Start of Supplied data

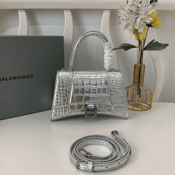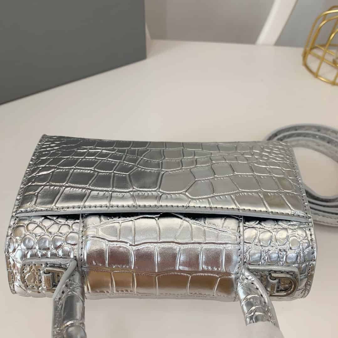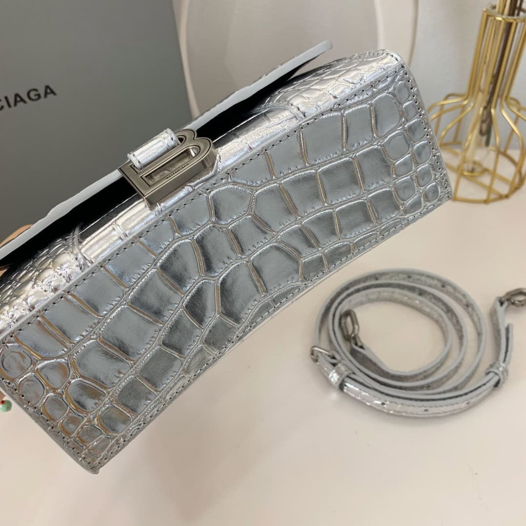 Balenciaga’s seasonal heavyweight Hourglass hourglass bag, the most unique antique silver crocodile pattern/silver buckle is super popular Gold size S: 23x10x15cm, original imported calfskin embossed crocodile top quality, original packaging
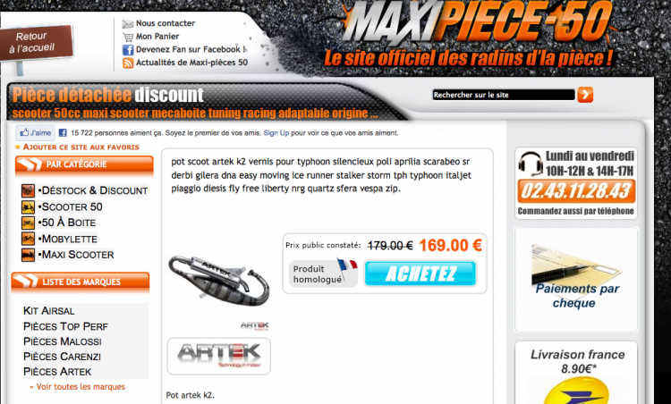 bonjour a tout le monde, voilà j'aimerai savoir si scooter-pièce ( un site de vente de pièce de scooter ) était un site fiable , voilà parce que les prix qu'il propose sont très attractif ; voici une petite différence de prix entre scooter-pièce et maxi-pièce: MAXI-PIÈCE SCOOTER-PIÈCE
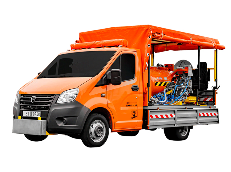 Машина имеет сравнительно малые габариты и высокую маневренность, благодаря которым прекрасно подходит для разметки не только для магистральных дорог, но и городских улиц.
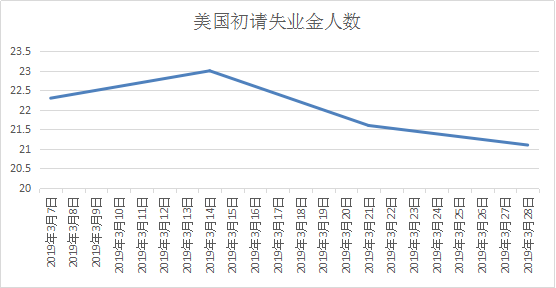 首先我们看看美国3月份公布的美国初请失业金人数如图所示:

End of Supplied data

◆ Work request
Exact repetition of each line above is expected; images are to be omitted.

◆ Reply to the task
 Balenciaga’s seasonal heavyweight Hourglass hourglass bag, the most unique antique silver crocodile pattern/silver buckle is super popular Gold size S: 23x10x15cm, original imported calfskin embossed crocodile top quality, original packaging
 bonjour a tout le monde, voilà j'aimerai savoir si scooter-pièce ( un site de vente de pièce de scooter ) était un site fiable , voilà parce que les prix qu'il propose sont très attractif ; voici une petite différence de prix entre scooter-pièce et maxi-pièce: MAXI-PIÈCE SCOOTER-PIÈCE
 Машина имеет сравнительно малые габариты и высокую маневренность, благодаря которым прекрасно подходит для разметки не только для магистральных дорог, но и городских улиц.
 首先我们看看美国3月份公布的美国初请失业金人数如图所示:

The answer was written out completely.